Microsoft Codename "Astoria": Data Services for the Web
Pablo Castro has announced a very cool project, Microsoft Codename "Astoria": Data Services for the Web.
So, if:
You build data-aware web applications (are there web devs that don't?)
You are interested in data access over the web (data over the web is what makes the web interesting)
You have been asking: "What is the programming model for data over web?" (I have)
You want more that simple file storage in the sky - you want relational data in the cloud you can program against - read and write (every developer I've spoken to wants this)

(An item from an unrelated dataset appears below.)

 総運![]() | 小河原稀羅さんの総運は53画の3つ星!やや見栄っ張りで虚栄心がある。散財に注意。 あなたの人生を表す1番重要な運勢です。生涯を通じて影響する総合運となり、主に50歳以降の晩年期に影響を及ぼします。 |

You like REST ('nuff said)
Then...read on.
Codename "Astoria" is the project I was working on before I left Microsoft. Astoria was probably the single hardest reason for me to leave as the momentum of the project was really picking up speed and the potential of Astoria was being grokked by a number of teams inside Microsoft. So to see Pablo's presentation today at MIX07 was nothing short of glorious.
On to "What is Astoria?"
Astoria is the cloudiest city in North America. Astoria is also the codename for an incubation project started some months ago attempting to answer the following questions: if you could provide a dead-simple way of programming against a relational data store that resides on the internet, what should the programming model look like? Could it be simpler than SOAP-based data access programming?

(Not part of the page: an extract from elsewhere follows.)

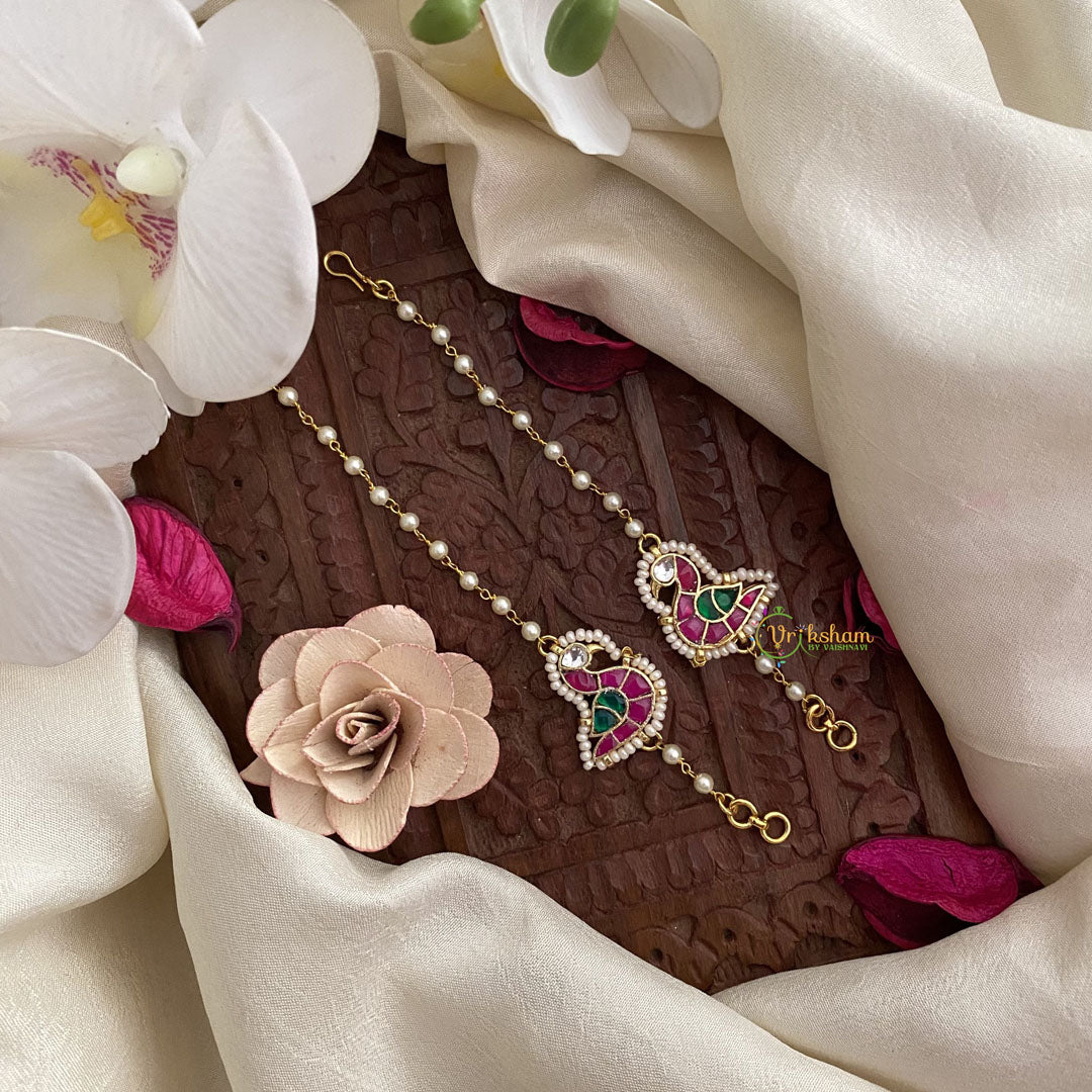 Indulge in elegance with our Vriksham Exquisite Single Strand White Pearl Maatil-Annam. Each pearl is handpicked for its perfect round shape and lustrous shine. The single strand design exudes sophistication and luxury, making it the perfect accessory for any occasion. Elevate your style with the timeless beauty of pearls.

There are two parts (well, more - but we'll start with two) to the Astoria story.
The first part is the more traditional Microsoft CTP thing. What the downloadable bits allow you to do is to very rapidly provide a REST-based API - URLs- to an existing SQL Server database. That's right - REST to SQL in a jiffy! You download the bits for Visual Studio Orcas, do a couple of wizzy things and before you know it you have your data available through http. If you want, can then apply your own security model, constraints, etc. Downloads info and links here.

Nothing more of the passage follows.